De opschaling van het Defensie-crisisteam vindt plaats en er wordt een speciaal Defensie-meldpunt ingericht voor Afghanistan-veteranen die mogelijk nog contact hebben met Afghanen met wie zij hebben gewerkt tijdens hun uitzending.

In totaal zijn 373 Nederlanders met kerngezin en Nederlandse ingezetenen op de evacuatielijst geregistreerd. Die dag worden 115 personen geëvacueerd met twee militaire vluchten naar Islamabad en Tbilisi, deels met eindbestemming Nederland. De eerste personen komen aan in de opvanglocatie in de kazerne in Zoutkamp.

19 augustus

Er wordt extra capaciteit ingezet van Defensie en Buitenlandse Zaken in Tbilisi ten behoeve van ondersteuning van de transfer van mensen op evacuatievluchten. De IND besluit om direct Immigration Liaison Officers te sturen naar Tbilisi en Islamabad ter versterking van de consulaire teams van Buitenlandse Zaken. Buitenlandse Zaken wijst een projectcoördinator aan voor de uitvoering van de motie-Belhaj, die wordt ondersteund door een team van medewerkers van Buitenlandse Zaken. Een team van Defensie gaat aan het werk om alle oud-Defensiemedewerkers die onder de motie-Belhaj vallen te behandelen.

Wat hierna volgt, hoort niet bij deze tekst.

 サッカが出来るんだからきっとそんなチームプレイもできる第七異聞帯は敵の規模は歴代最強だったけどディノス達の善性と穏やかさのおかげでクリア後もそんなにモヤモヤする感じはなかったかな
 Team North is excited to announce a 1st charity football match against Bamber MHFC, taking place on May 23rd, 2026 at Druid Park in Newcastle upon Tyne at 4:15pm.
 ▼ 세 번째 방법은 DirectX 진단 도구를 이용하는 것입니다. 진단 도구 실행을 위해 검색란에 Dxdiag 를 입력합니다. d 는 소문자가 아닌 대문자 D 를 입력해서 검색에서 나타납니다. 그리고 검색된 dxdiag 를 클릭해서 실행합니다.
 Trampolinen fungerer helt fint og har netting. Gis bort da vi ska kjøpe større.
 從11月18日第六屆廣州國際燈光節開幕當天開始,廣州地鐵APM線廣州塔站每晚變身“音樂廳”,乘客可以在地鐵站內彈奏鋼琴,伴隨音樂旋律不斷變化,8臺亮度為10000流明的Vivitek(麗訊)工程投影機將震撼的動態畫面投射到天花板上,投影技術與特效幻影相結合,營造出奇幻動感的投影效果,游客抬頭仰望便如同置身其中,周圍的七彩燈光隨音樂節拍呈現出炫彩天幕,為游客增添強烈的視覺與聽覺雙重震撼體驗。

Tijdens een BWO (Minister-President, Minister van Buitenlandse Zaken, Minister van Defensie en Staatssecretaris van Justitie en Veiligheid aanwezig) worden criteria voor evacuatie vastgesteld ten behoeve van noodzakelijke prioritering. Dit tijdelijke handelingskader voor de evacuatie toont de gezamenlijke betrokkenheid van de bewindspersonen. Mensen worden ingedeeld in twee categorieën: (1) Nederlanders en ingezeten, lokale collega’s en tolken, en EU- en NAVO-collega’s, en (2) alle personen onder motie-Belhaj, onder andere mensenrechtenactivisten, vrouwenrechtenactivisten en journalisten. Ook wordt in de ministerraad (Begrotingsraad) stilgestaan bij de situatie in Afghanistan.

De reparatie van de C-130 in Islamabad zal enkele dagen duren omdat reservedelen vanuit Nederland moeten worden ingevlogen. Dit heeft geen invloed op de evacuatieoperatie, aangezien de andere C-130, die 18 augustus is gearriveerd, inzetbaar is en de aangeboden evacués kan vervoeren.

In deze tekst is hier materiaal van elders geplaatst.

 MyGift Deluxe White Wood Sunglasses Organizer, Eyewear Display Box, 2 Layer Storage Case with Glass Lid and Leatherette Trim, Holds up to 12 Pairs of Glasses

Intussen wordt zowel door de Minister van Buitenlandse Zaken als hoogambtelijk de internationale outreach geïntensiveerd (VS, Pakistan, Turkije, Denemarken Duitsland, het Verenigd Koninkrijk, Canada, Italië, Finland, Noorwegen, Zweden, en de NAVO), om aan te dringen op toegang tot en het open houden van de luchthaven.

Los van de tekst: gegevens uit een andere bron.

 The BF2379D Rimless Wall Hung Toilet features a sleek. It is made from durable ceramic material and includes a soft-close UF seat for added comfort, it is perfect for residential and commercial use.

102 mensen zijn op 19 augustus vanuit Kaboel uitgevlogen, waaronder zeven Nederlanders.

20 augustus

Omdat er sterke aanwijzingen zijn dat alleen personen met niet-Afghaanse nationaliteit zullen worden toegelaten tot het vliegveld, worden Nederlanders door de belteams opgeroepen zich binnen 24 uur naar het vliegveld te begeven, met het oog op hun evacuatie. Het blijkt ook voor deze groepen lastig het vliegveld te bereiken. Het vliegveld is delen van de dag gesloten omdat er teveel te evacueren personen op het veld zijn. Het Nederlandse team in Kaboel werkt nauw samen met de Duitsers. Tijdens een ingelaste NAVO ministeriële bijeenkomst roepen Nederland en bondgenoten de Verenigde Staten op het vliegveld zo lang als mogelijk en nodig open, toegankelijk en veilig te houden. In de dagen daaraan voorafgaand, heeft de Minister van Buitenlandse Zaken contact gehad met meerdere collega’s om zich bij deze oproep aan te sluiten. Om op alle mogelijke scenario’s voorbereid te zijn, onderzoekt Defensie de opties voor aanvullende militaire inzet ter plaatse met het doel om mensen op het vliegveld te krijgen en te evacueren, waaronder inzet van helikopters.

De Minister-President heeft overleg met de Britse premier Johnson over mogelijke ondersteuning van het VK bij de evacuatieoperatie en het aanbod van Nederlandse militaire ondersteuning bij het open houden van het vliegveld. Ook spreekt hij de Franse president Macron over het verloop van de evacuaties. Tot slot spreekt de Minister-President telefonisch met de Nederlandse ambassadeur in Kaboel. In de ministerraad wordt eveneens opnieuw over de stand van zaken in Afghanistan besproken. De lijst met Nederlanders en Nederlandse ingezetenen is inmiddels gegroeid naar 700. In de middag is een database voor de mensen die vallen onder de motie van het lid Belhaj gereed. De teams beginnen met het identificeren van de meest acute en schrijnende gevallen die in aanmerking komen voor evacuatie. Hiervoor wordt ook nauw overlegd met Nederlandse ngo’s en mediaorganisaties die in Afghanistan hebben gewerkt, zowel door de Minister voor Buitenlandse Handel en Ontwikkelingssamenwerking als op hoogambtelijk niveau. Er komen 47 personen van de Nederlandse lijst aan op Schiphol en nog eens 17 in het buitenland via andere evacuatievluchten. In totaal zijn 142 mensen geëvacueerd met twee C-130 vluchten.

21 augustus

De beveiliging van de buitenring van de luchthaven wordt lastiger, maar de coördinatie op de luchthaven lijkt iets te verbeteren. Het beeld is dat de Verenigde Staten alleen mensen met een Amerikaans paspoort doorlaten. Er wordt besloten dat er extra capaciteit voor het ambassadeteam in Kaboel moet komen.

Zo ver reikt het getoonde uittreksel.